Murphy, Mr. Janson, Ms. Street and Mr. Greetham disclaim beneficial ownership of the notes and the
common stock issuable upon conversion of the notes.
(7) This selling securityholder is a majority-owned subsidiary of Citigroup, Inc., a reporting
company.
(8) Shawn Bergerson has voting and investment power with respect to the securities listed for
Waterstone Market Neutral MAC51, Ltd. and Waterstone Market Neutral Master Fund, Ltd. Mr.
Bergerson disclaims beneficial ownership of the notes and the common stock issuable upon conversion
of the notes.
(9) Nathanial Brown and Robert Richardson have voting and investment power with respect to the
securities listed for Xavex Convertible Arbitrage 10 Fund.
2
Unless otherwise indicated herein, none of the selling securityholders nor any of their
affiliates, officers, directors or principal equity holders has held any position or office or has
had any material relationship with us or any of our affiliates within the past three years.
We prepared this table based on the information supplied to us by the selling securityholders
named in the table, and we have not sought to verify such information. Information concerning the
selling securityholders may change from time to time and any changed information will be set forth
in supplements to this prospectus if and when necessary. In addition, the conversion rate, and
therefore, the number of shares of common stock issuable upon conversion of the notes, is subject
to adjustment under certain circumstances.
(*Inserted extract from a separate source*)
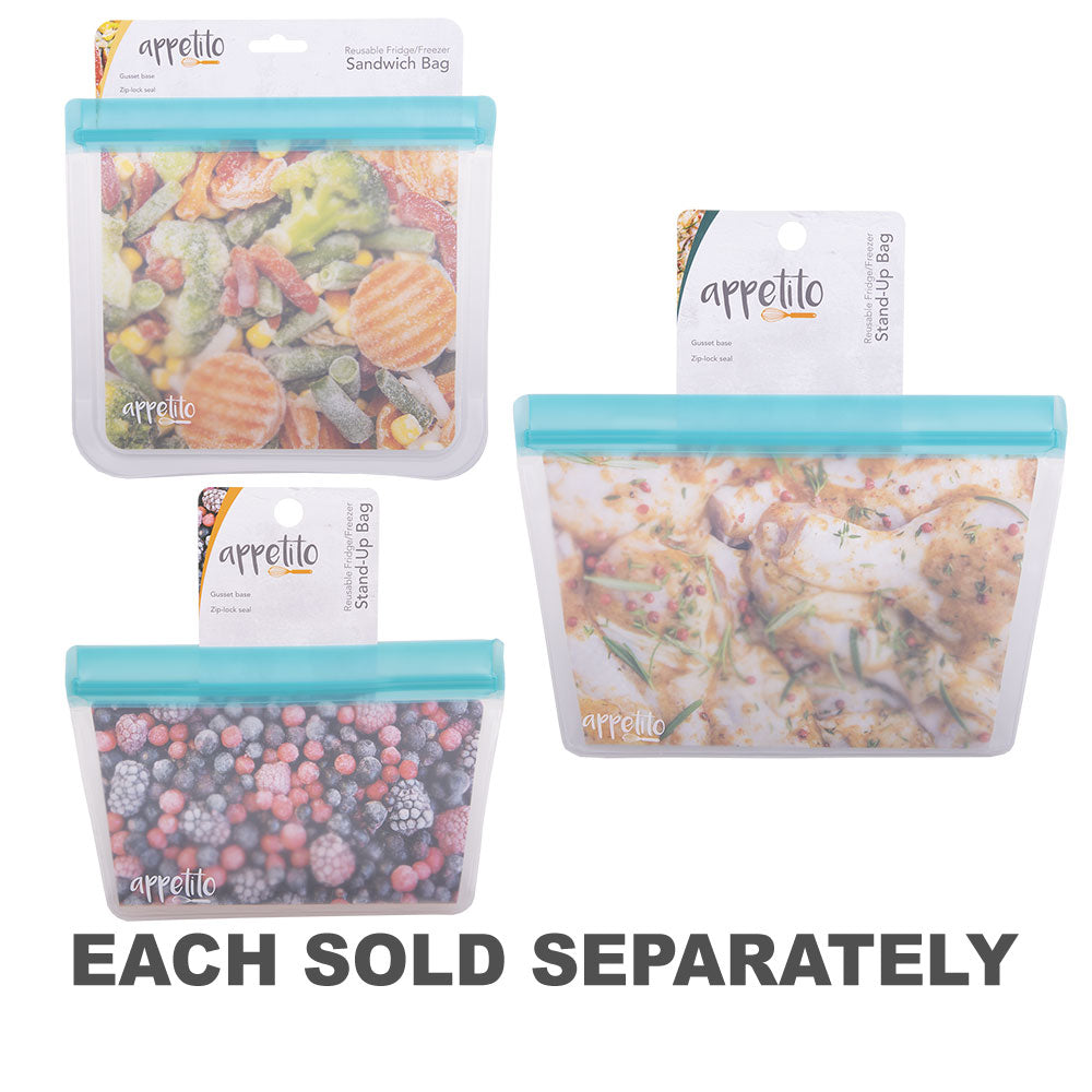 Verpacken Sie Reste, Snacks und andere Lebensmittel zum einfachen Einfrieren mit dem wiederverwendbaren/Gefrierschrank-Sandwichbeutel von Appetito.

Accordingly, the aggregate principal amount of notes and
the number of shares of common stock into which the notes are convertible may increase or decrease.
You should carefully consider matters discussed under the caption Risk Factors of the
prospectus and beginning on page 12 of our annual report on Form 10-K for the fiscal year ended
March 31, 2006, filed with the Securities and Exchange Commission on June 29, 2006.
Neither the Securities and Exchange Commission nor any state securities commission has
approved or disapproved of these securities or passed upon the accuracy or adequacy of this
prospectus supplement or the accompanying prospectus. Any representation to the contrary is a
criminal offense.
The date of this Prospectus Supplement is July 10, 2006.